Data to examine:

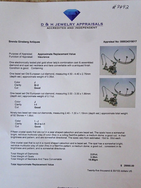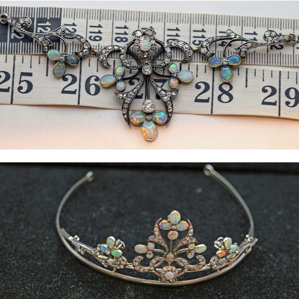 Antique Victorian Art Nouveau tiara necklace. Silver, gold, platinum, diamonds, opals. Made in England late 19th century.
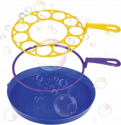 2 cerchi (per bolle grandi e per molte piccole bollicine), ciotola per la soluzione, soluzione per bolle
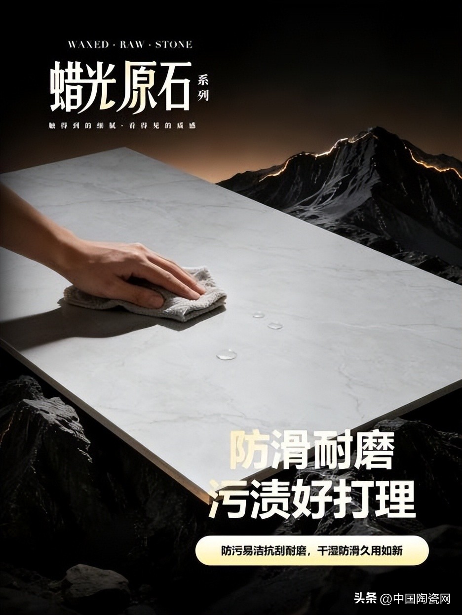 该系列具备优异防污性能,釉面致密抗渗透,日常清洁轻松。同时通过干粒互融与高温慢烧工艺实现超强耐磨,硬度高、耐刮擦,防滑安全,适用于客厅、厨房等高使用频率空间。
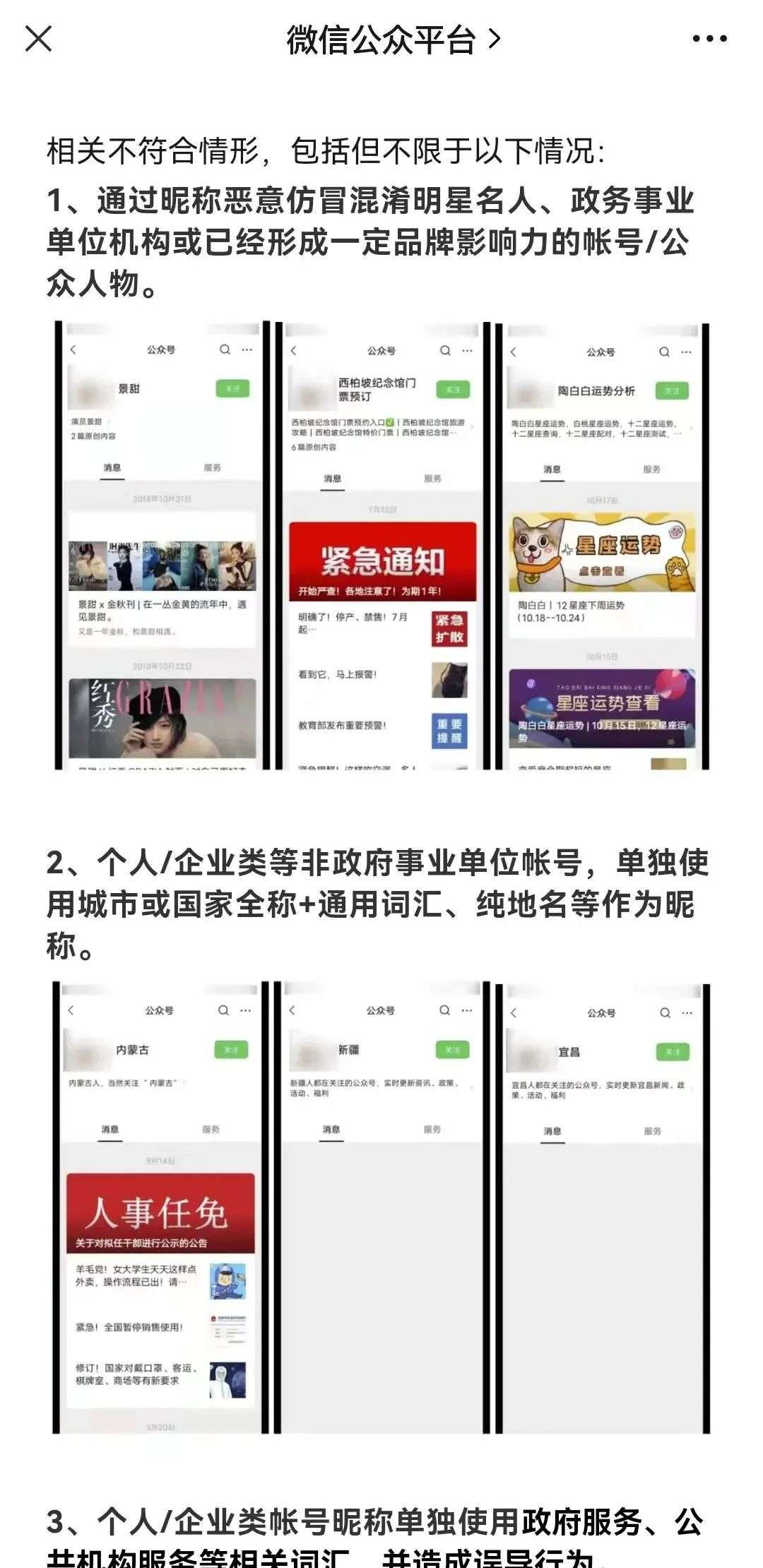 微信平台随之响应,提供了昵称违规使用案例解析,并强调“如经核实存在违反《微信公众平台运营规范》的,平台将根据违规程度采取处理措施,包括但不限于:清空帐号违规要素,对涉及到严重混淆仿冒行为的帐号进行封号等。”
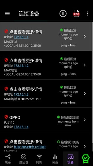 2、连接设备识别:自动发现并列出所有接入路由器的设备及其型号信息。
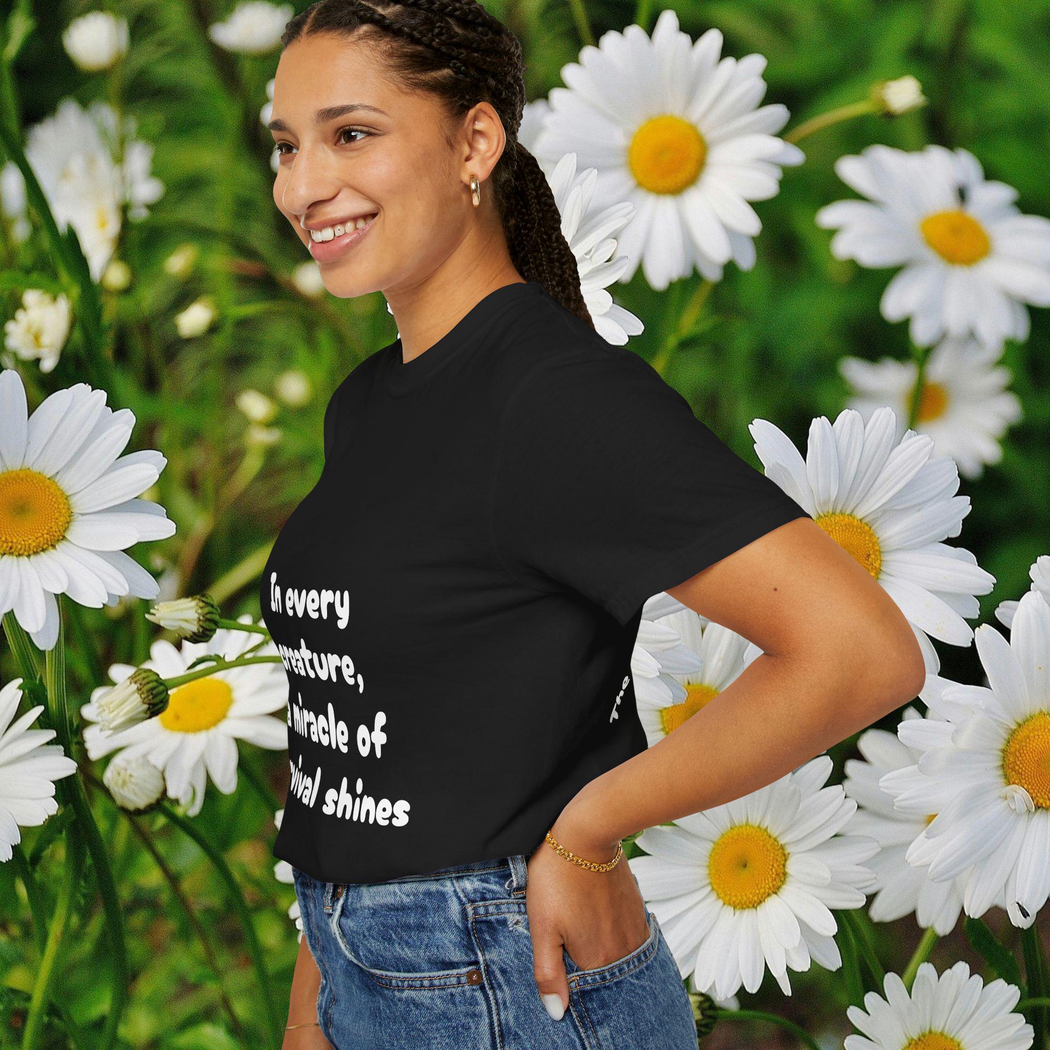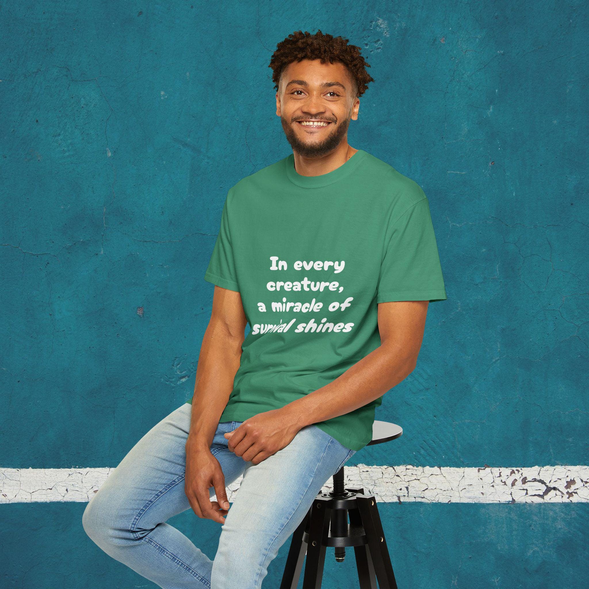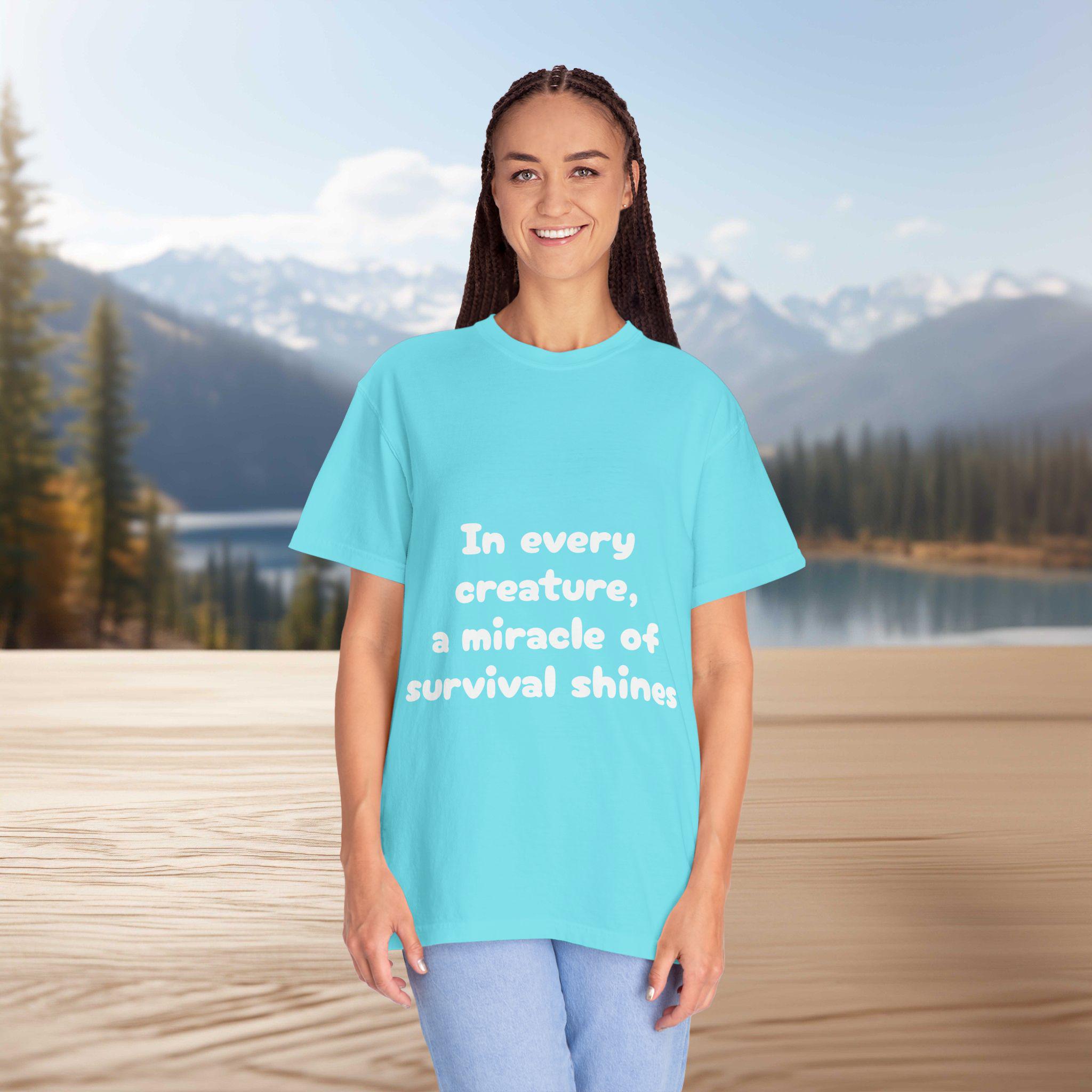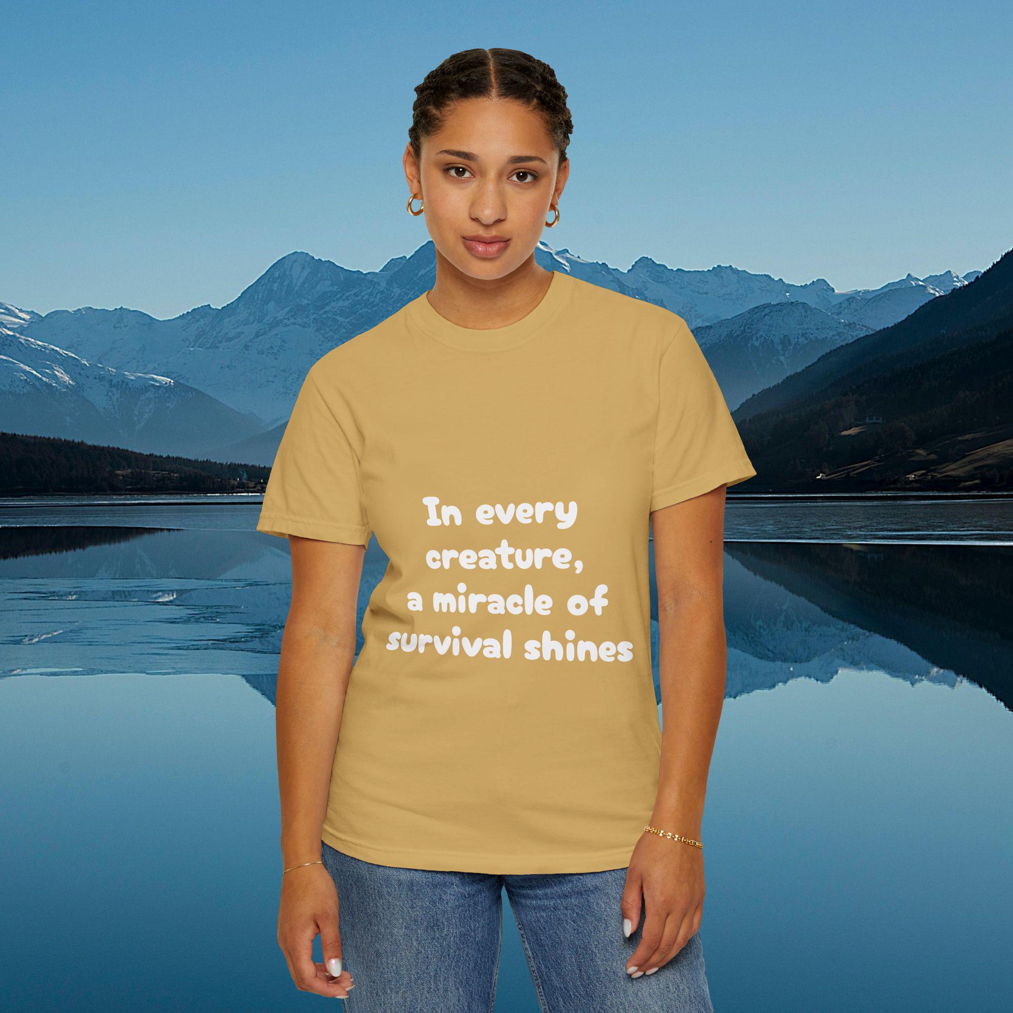 Celebrate the miracle of nature with our inspirational wildlife t-shirt! Featuring the powerful words "In Every Creature, A Miracle of Survival Shines" on the front, this shirt is perfect for nature enthusiasts, wildlife lovers, hikers, campers, and anyone who cherishes the beauty of the natural world.
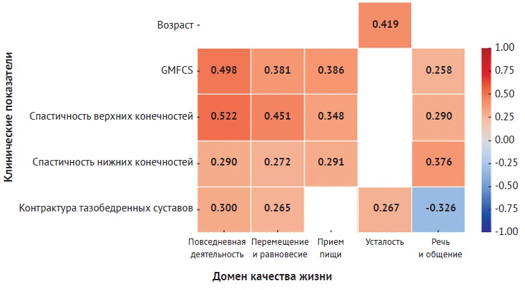 Рис. 2. Корреляции клинических показателей с доменами качества жизни PedsQL
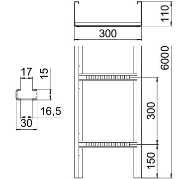 CO2 Footprint (GWP) Cradle-to-Gate 29,4486 kg CO2e / 1 Meter Colour stainless steel Dimension 110x300x6000 Dimension 110x300 Dimension B 300 mm Dimension L 6000 mm Fastening of rung Fully riveted Height 110 mm Length 6000 mm Maintain electrical functions no Material Stainless steel 1.4301 Rail thickness 2 mm Rung slot dimension 17,00 Rustproof steel, pickled no Side perforation yes Side rail version Profile (open) Support spacing 3.0 m 2,3 kN/m Support spacing 3.5 m 1,9 kN/m Support spacing 4.0 m 1,6 kN/m Support spacing 4.5 m 1,33 kN/m Support spacing 5.0 m 1,1 kN/m Support spacing 6.0 m 0,8 kN/m Support spacing 7.0 m 0,4 kN/m Surface Bright, treated Usable cross-section 28100 mm² Usable cross-section 281 cm² Version of the rungs Profile perforated Wide-span version yes Width 300 mm Technical data
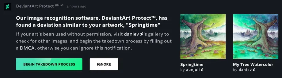 Если инструмент обнаружит идентичное или «почти идентичное совпадение», авторы работ получат уведомление о пиратстве. Бесплатный план позволяет для мониторинга загружать до десяти изображений (общим объемом до 2 ГБ). Платная подписка DeviantArt Core в размере $3,95 в месяц позволяет отслеживать до тысячи изображений общим объемом в 50 Гб.
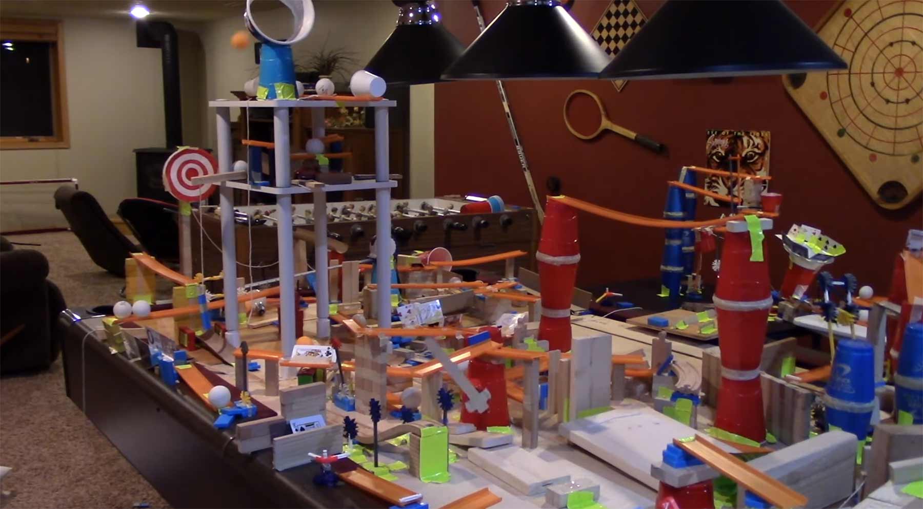 Rund 200 Einzelschritte vollzieht diese Rube Goldberg Machine von DaksDominos, bis der überschaubare Nutzen eines Klebestreifen-Abrollens eintritt. In den etwa fünf Minuten kann man sich ja parallel einen Tee kochen oder so.

The problem: Reproduce only the lines from the first line of the entries through the line containing "Рис. 2. Корреляции", exactly and with both ends kept. Omit the pictures.

Answer space:
 Antique Victorian Art Nouveau tiara necklace. Silver, gold, platinum, diamonds, opals. Made in England late 19th century.
 2 cerchi (per bolle grandi e per molte piccole bollicine), ciotola per la soluzione, soluzione per bolle
 该系列具备优异防污性能,釉面致密抗渗透,日常清洁轻松。同时通过干粒互融与高温慢烧工艺实现超强耐磨,硬度高、耐刮擦,防滑安全,适用于客厅、厨房等高使用频率空间。
 微信平台随之响应,提供了昵称违规使用案例解析,并强调“如经核实存在违反《微信公众平台运营规范》的,平台将根据违规程度采取处理措施,包括但不限于:清空帐号违规要素,对涉及到严重混淆仿冒行为的帐号进行封号等。”
 2、连接设备识别:自动发现并列出所有接入路由器的设备及其型号信息。
 Celebrate the miracle of nature with our inspirational wildlife t-shirt! Featuring the powerful words "In Every Creature, A Miracle of Survival Shines" on the front, this shirt is perfect for nature enthusiasts, wildlife lovers, hikers, campers, and anyone who cherishes the beauty of the natural world.
 Рис. 2. Корреляции клинических показателей с доменами качества жизни PedsQL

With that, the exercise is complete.